|
OAI-PMH “defines a mechanism for harvesting XML-formatted metadata from repositories”. The OAI-PMH mandates unqualified Dublin Core (DC) as its common metadata format. The OAI-PMH also “supports the notion of multiple metadata sets, allowing communities to expose metadata in formats that are specific to their applications and domains”. Other metadata formats might include domain-specific Dublin Core Application Profiles (DCAPs) or other XML formats, such as LOM or ODRL.
Non-XML formatted data, e.g., MARC records, could either be conveyed using an XML translation (e.g. MARCXML) or could conceivably be wrapped in a CDATA section within the XML record itself. The latter approach, although messy, could also be used to enable content, as well as metadata, to be harvested using OAI-PMH, using content packaging standards such as METS, IMS Content Packaging and MPEG-21 DIDL.

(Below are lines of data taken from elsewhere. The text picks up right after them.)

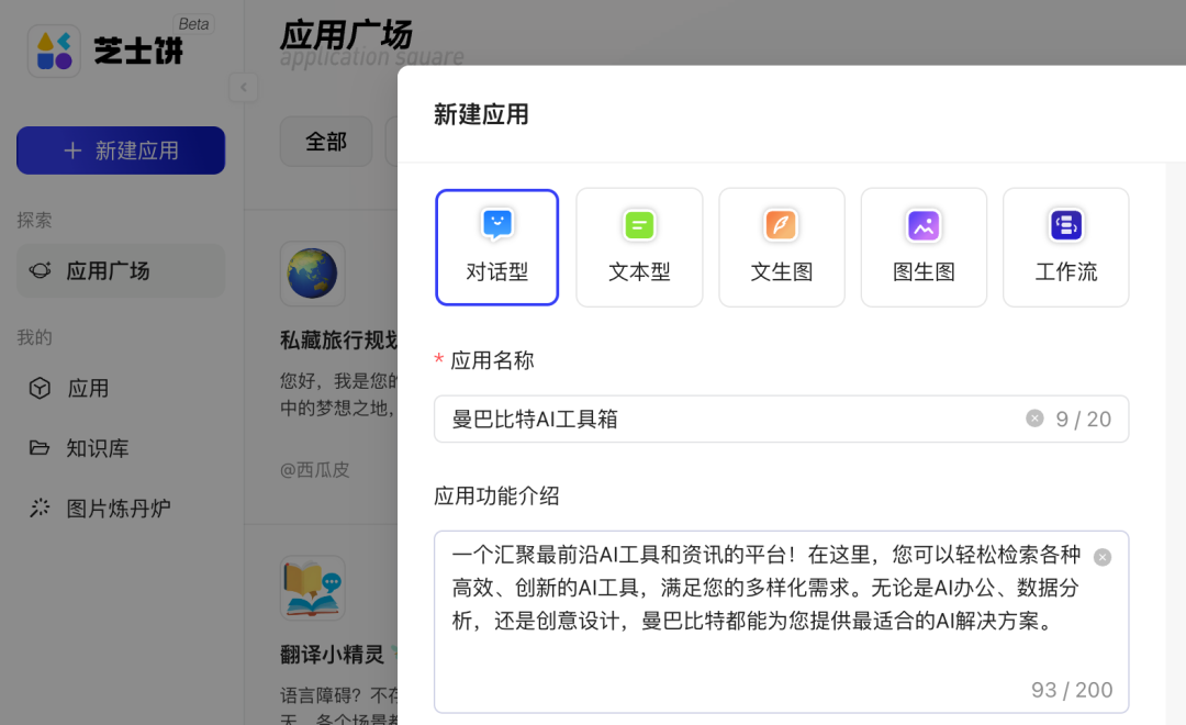 平台支持多种类型的AI应用开发,如对话型、文本型、文生图、图生图和工作流等。无论是要创建一个智能客服,还是构建一个自动生成内容的工具,芝士饼都能为你提供适合的AI模型,帮助你快速实现创意。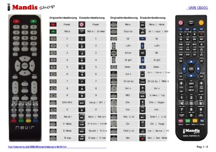 Ein Dokument ist enthalten, um die Verwendung der neuen Fernbedienung zu erleichtern, indem es die Tastenbelegung zeigt.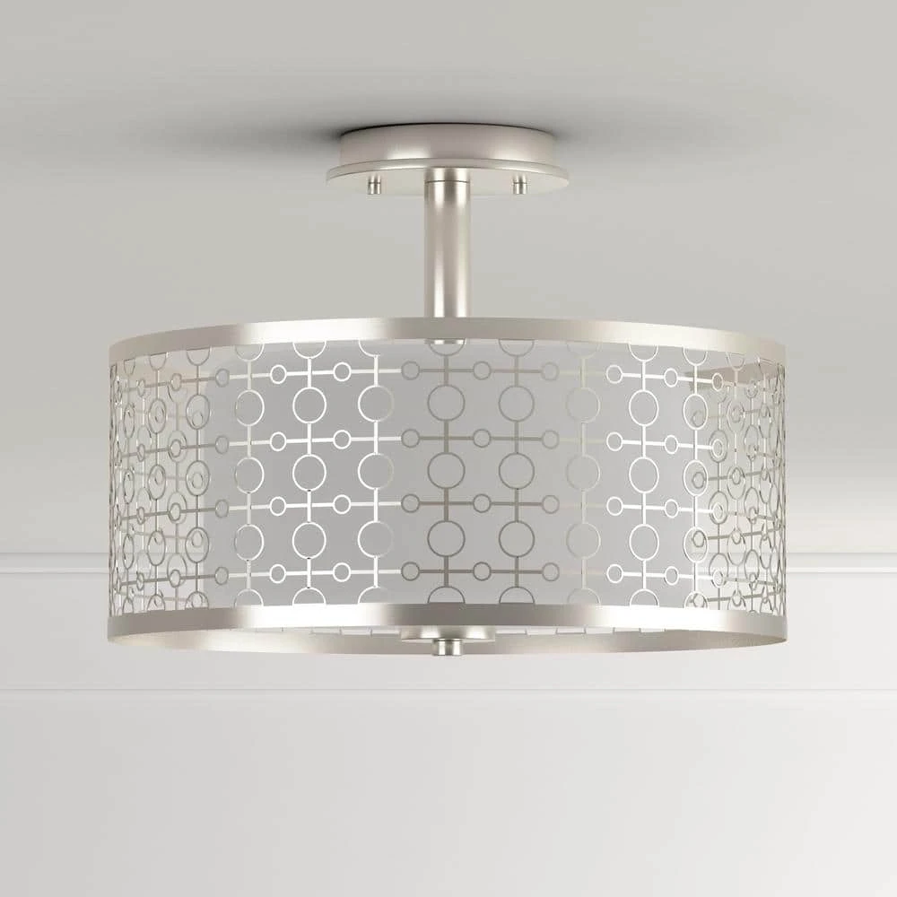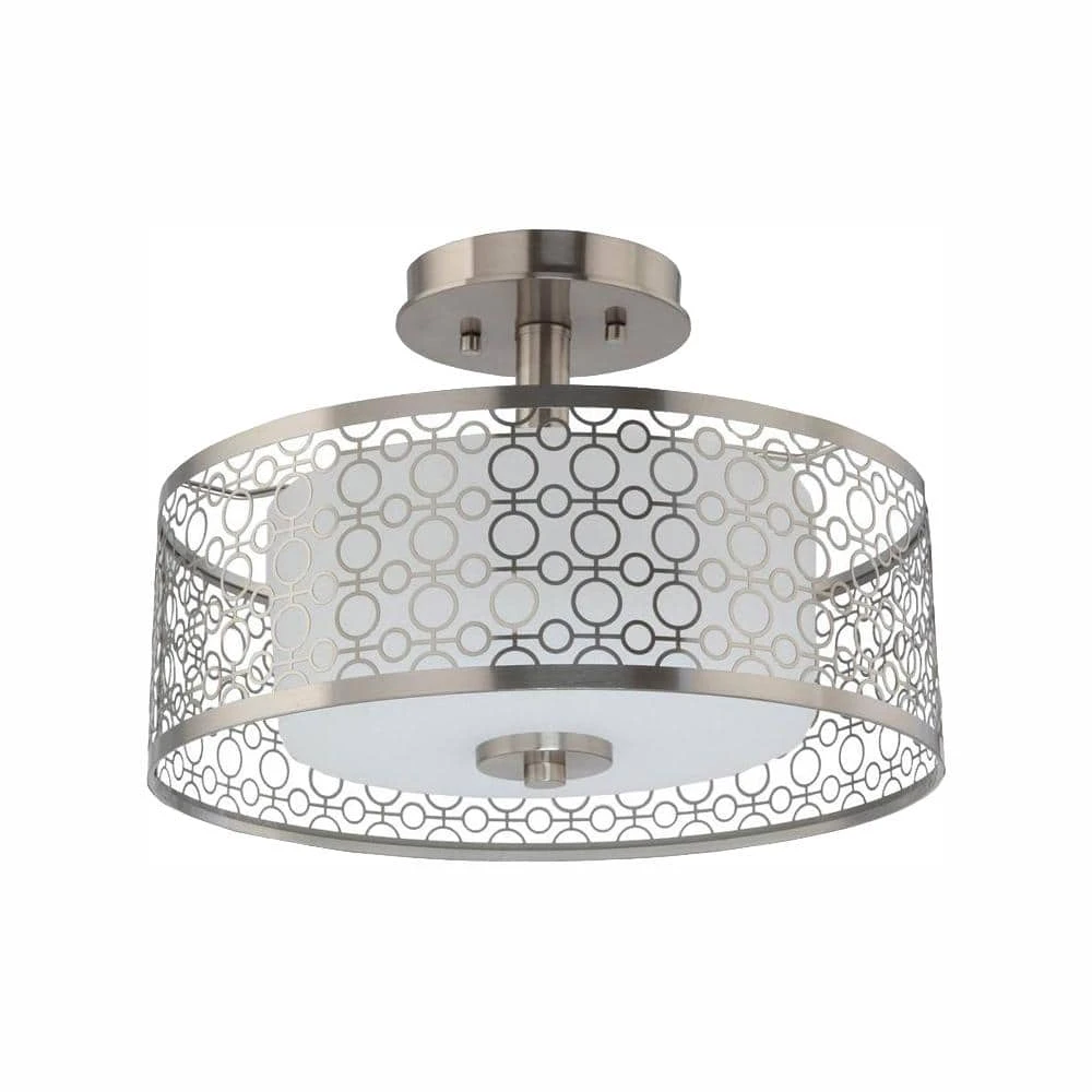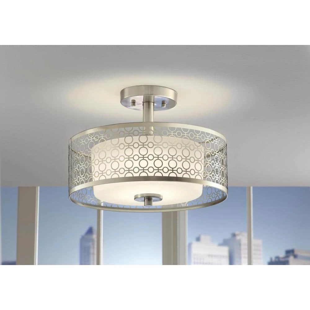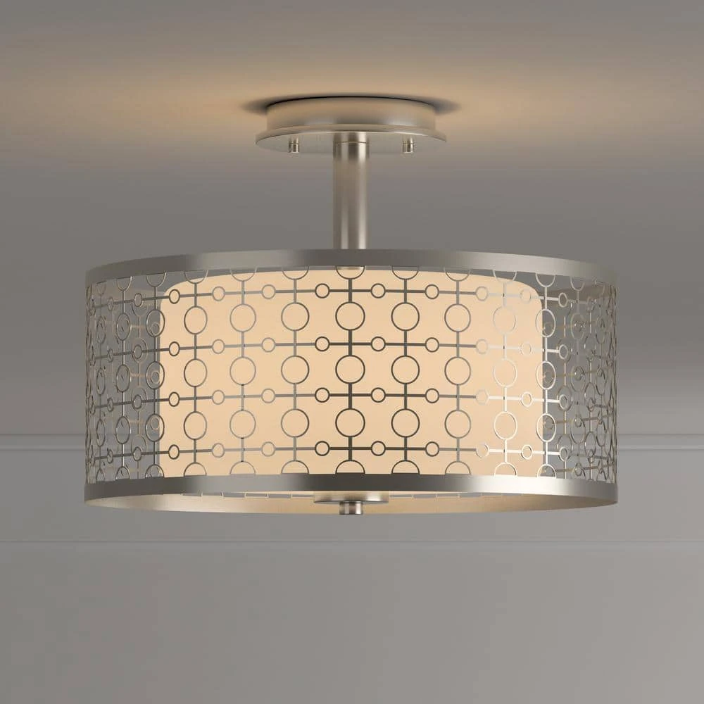 Go ahead. Mingle with your favorite home decor accents to find a place for this fun, flirty fixture. Subtle, parchment-like glass shades offer a discreet pattern and refreshing look when illuminated. A decorative metal frame, that highlights alternating concentric, circular shapes surrounds all fixtures. The Brushed Nickel finish provides a nice, softly patterned diffused light for a variety of room settings.

The OAI-PMH specification defines 2 main actors:
- harvester - a client application that issues OAI-PMH requests. A harvester is operated by a service provider as a means of collecting metadata from repositories.
- repository - a network accessible server, managed by a data provider to expose metadata to harvesters.
To allow various repository configurations, the protocol distinguishes between three distinct entities related to the metadata made accessible by repositories:
- resource - the object or “stuff” that metadata is “about”. The nature of a resource, whether it is physical or digital, or whether it is stored in the repository or is a constituent of another database, is outside the scope of the protocol.
- item - a constituent of a repository from which metadata about a resource can be disseminated. An item is conceptually a container that stores or dynamically generates metadata about a single resource in multiple formats.
- record - metadata in a specific metadata format. A record is returned as an XML-encoded byte stream in response to a protocol request to disseminate a specific metadata format from a constituent item.
|